2.The description of the paper’s structural framework requires further elaboration to enhance clarity and coherence.
3.Interpretability evaluation metrics (Grad-CAM) were not employed to compare the proposed method with conventional CNN models.
4.The rationale behind the choice of hyperparameters has not been sufficiently justified.
5.As the experiments were conducted solely on the Fashion-MNIST dataset, it is difficult to assess the method’s effectiveness and generalization capability for more complex tasks.
6.Although the conclusion briefly acknowledges certain experimental limitations, it does not provide specific directions for improvement or discuss potential avenues for future application.
Author Response
Comment 1.It is recommended that the authors include a literature review section in the introduction to incorporate recent studies on the interpretability of deep learning.

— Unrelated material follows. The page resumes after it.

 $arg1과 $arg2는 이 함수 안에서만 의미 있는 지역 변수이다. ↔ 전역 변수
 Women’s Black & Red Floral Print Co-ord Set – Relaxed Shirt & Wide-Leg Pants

Response 1. Agree, as suggested, we have added references to recent works in the introduction about interpretability of deep learning.

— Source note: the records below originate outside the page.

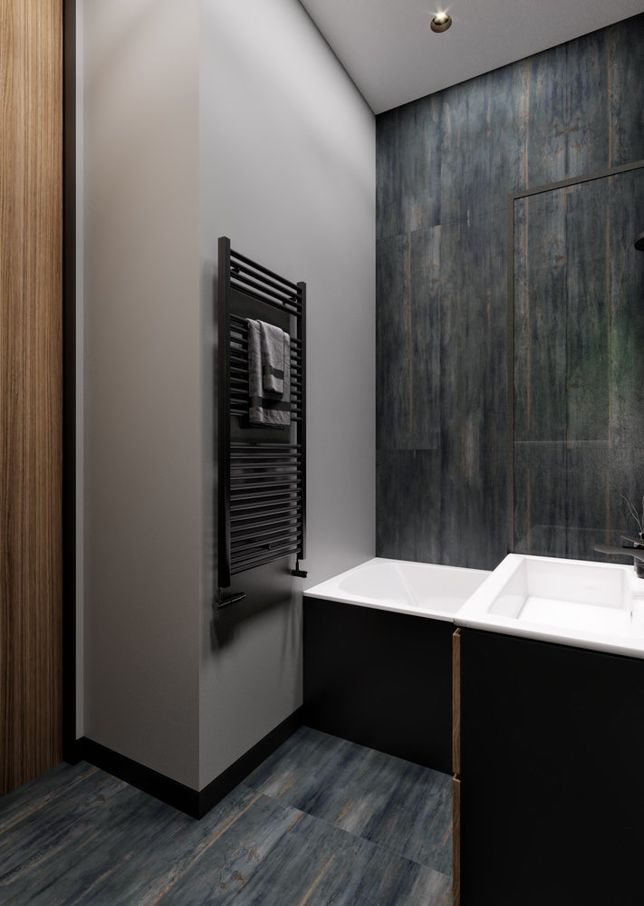 Атмосферная студия для холостяка с бетонной стеной, стеклянными перегородками и тренажерной зонойДизайн
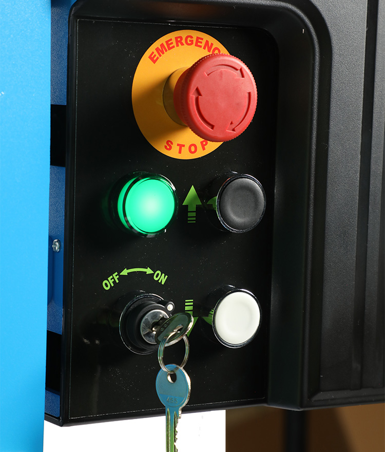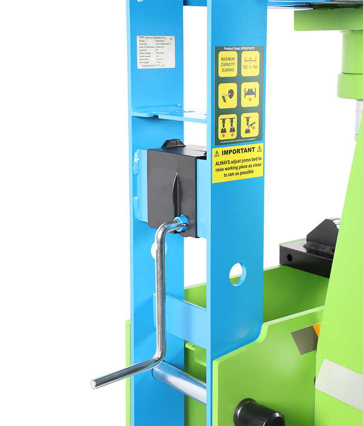 - Easy to access raise & lower buttons on press frame with large emergency stop button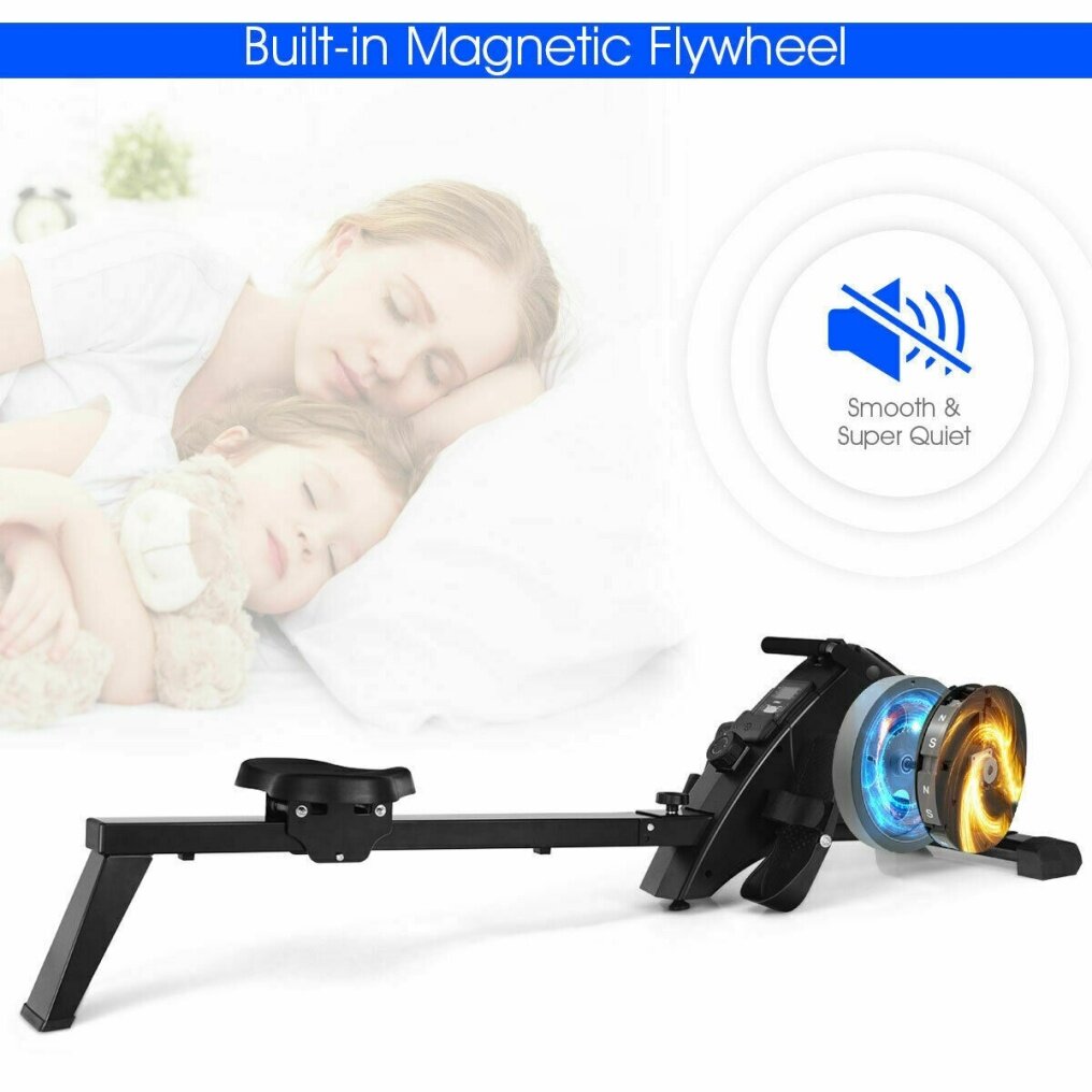 Use this magnetic rowing machine for an effective aerobic workout for a full body that burns fat and builds muscles that help in weight loss. The magnetic rower features a 10-level magnetic tension resistance system that allows a variety of body types and ages to achieve their exercise requirements. It also has an easy-to-read LCD fitness monitor, soft seat, pivoting footplates with straps and comfortable non-slip grip handlebars, and tear-resistant nylon rowing strap. Built-in wheels and a folding frame make storage a breeze. '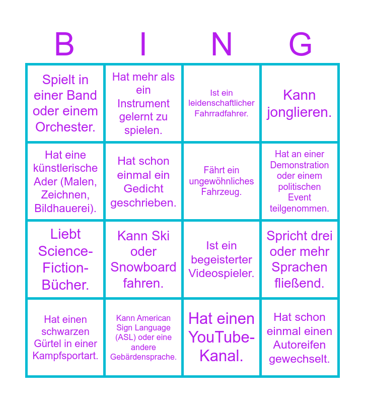 This bingo card has 72 words: Free!, Hat mehr als ein Instrument gelernt zu spielen., Spricht drei oder mehr Sprachen fließend., Ist schon einmal Marathon gelaufen., Ist Vegetarier oder Veganer., Hat ein Haustier., Kann jonglieren., Ist schon einmal Fallschirmspringen gegangen., Liebt Science-Fiction-Bücher., Macht Yoga., War schon in mehr als 10 Ländern., Hat eine eigene Website oder einen Blog., Kann Ski oder Snowboard fahren., Spielt in einer Band oder einem Orchester., Liebt es zu kochen oder zu backen., Ist ein begeisterter Videospieler., Sammelt etwas Ungewöhnliches., Hat eine künstlerische Ader (Malen, Zeichnen, Bildhauerei)., Hat schon einmal bei einer Theateraufführung mitgemacht., Hat einen YouTube-Kanal., Ist ein Morgenmensch., Hat einen schwarzen Gürtel in einer Kampfsportart., Ist in seiner Stadt oder seinem Ort geboren., Hat schon einmal einen Preis oder eine Auszeichnung gewonnen., Liebt es, Kreuzworträtsel oder Sudoku zu lösen., Ist ein großer Fan einer bestimmten Sportmannschaft., Hat ein ungewöhnliches Haustier., Ist schon einmal mit einem Heißluftballon geflogen., Spielt Schach., Hat eine Sammlung von alten Vinylplatten., Ist ein Hobbygärtner., Kann ohne Rezept backen oder kochen., Hat schon einmal bei einer Talentshow mitgemacht., Liebt es, Karaoke zu singen., Hat eine Leidenschaft für Astronomie., Kann eine oder mehrere historische Reden auswendig., Hat schon einmal einen Baum gepflanzt., Ist nachts besonders kreativ., Hat schon einmal ein Gedicht geschrieben., Liest jeden Tag Zeitung oder Nachrichten online., Hat einen ehrenamtlichen Dienst geleistet., Ist ein großer Fan von Brettspielen., Kann Zauberkunststücke vorführen., Hat schon einmal einen Berg bestiegen., Ist ein Fan von Anime oder Manga., Hat schon einmal einen Autoreifen gewechselt., Kann eine Fremdsprache fließend lesen, aber nicht sprechen., Hat schon einmal eine Diät gemacht., Hat eine Allergie gegen etwas Ungewöhnliches., Hat schon einmal in einer Band gespielt., Ist ohne GPS in einer fremden Stadt herumgekommen., Hat schon einmal im Ausland gelebt., Hat eine Vorliebe für exotisches Essen., Kann American Sign Language (ASL) oder eine andere Gebärdensprache., Hat einen eigenen Garten., Hat schon einmal einen Tanzwettbewerb gewonnen., Ist ein leidenschaftlicher Fahrradfahrer., Hat an einer Demonstration oder einem politischen Event teilgenommen., Hat eine eigene App entwickelt oder programmiert., Kann ein Musikinstrument selbst bauen oder reparieren., Hat schon einmal bei einem Quizwettbewerb gewonnen., Liebt es, Dokumentarfilme zu schauen., Hat schon einmal einen Preis in einem Kunstwettbewerb gewonnen., Ist ein Experte im Origami-Falten., Hat eine Zwillingsschwester oder einen Zwillingsbruder., Hat eine Leidenschaft für Vintage-Mode., Fährt ein ungewöhnliches Fahrzeug., Hat schon einmal einen aktiven Vulkan besichtigt., Ist ein begeisterter Schwimmer., Hat schon einmal ein Buch geschrieben oder veröffentlicht., Hat eine Sammlung von Münzen oder Briefmarken. and Hat schon einmal einen Podcast aufgenommen oder veröffentlicht..

Comment 2.The description of the paper’s structural framework requires further elaboration to enhance clarity and coherence.

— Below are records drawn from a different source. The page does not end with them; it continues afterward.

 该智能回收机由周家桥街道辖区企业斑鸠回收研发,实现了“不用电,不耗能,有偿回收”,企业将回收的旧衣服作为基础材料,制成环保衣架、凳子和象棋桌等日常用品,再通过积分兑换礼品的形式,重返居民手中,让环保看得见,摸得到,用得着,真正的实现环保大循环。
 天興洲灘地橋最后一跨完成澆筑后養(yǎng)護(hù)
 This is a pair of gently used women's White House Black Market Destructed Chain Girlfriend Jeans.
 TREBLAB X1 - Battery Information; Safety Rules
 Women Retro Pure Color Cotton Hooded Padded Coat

Response 2. Agree. We made substantial revisions to abstract, introduction and conclusion sections in order to enhance clarity.
Comment 3.Interpretability evaluation metrics (Grad-CAM) were not employed to compare the proposed method with conventional CNN models.
Response 3. Partially agree. Grad-CAM is used to examine other facets of interpretability of deep learning, which are not covered in our paper. But we find it useful to cite Grad-CAM paper in introduction, so we made the change.
Comment 4.The rationale behind the choice of hyperparameters has not been sufficiently justified.
Reponse 4. Disagree. Most hyper-parameters are considered standard in the context of deep neural networks. We conducted an experiment to find a good value of threshold hyperparameter as illustrated in Figure 4.
Comment 5. As the experiments were conducted solely on the Fashion-MNIST dataset, it is difficult to assess the method’s effectiveness and generalization capability for more complex tasks.
Response 5. Partially agree. We have eliminated section related to sureness explicability (also called out-of-distribution detection), since after literature review we feel is not sufficiently supported by our experiments. However, the other findings are “proof-of-concept”, and thus we consider using the (admittedly basic) Fashion-MNIST dataset an appropriate choice.
Comment 6.Although the conclusion briefly acknowledges certain experimental limitations, it does not provide specific directions for improvement or discuss potential avenues for future application.
Reponse 6. Agree. We added a subsection in the conclusion about future research directions.
We thank the reviewer for useful suggestions.
Reviewer 2 Report
Comments and Suggestions for AuthorsThe manuscript provides a detailed examination of the pairwise coupling methodology applied to convolutional neural networks (CNNs) for improving classification explicability. The paper presents novel insights into different aspects of explicability such as pairwise explicability, likelihood randomness explicability, and sureness explicability. The comparative evaluation of Wu-Lin-Weng and Bayes covariant methods is useful, and the experiments conducted on the Fashion MNIST dataset yield promising results.
However, there are several areas where the manuscript needs improvement. These include clarity in some explanations, more thorough validation of claims, better statistical reporting, and a deeper discussion on the limitations of the proposed methodologies. Based on the content and structure, I recommend a minor revision with a few critical enhancements to strengthen the paper's impact.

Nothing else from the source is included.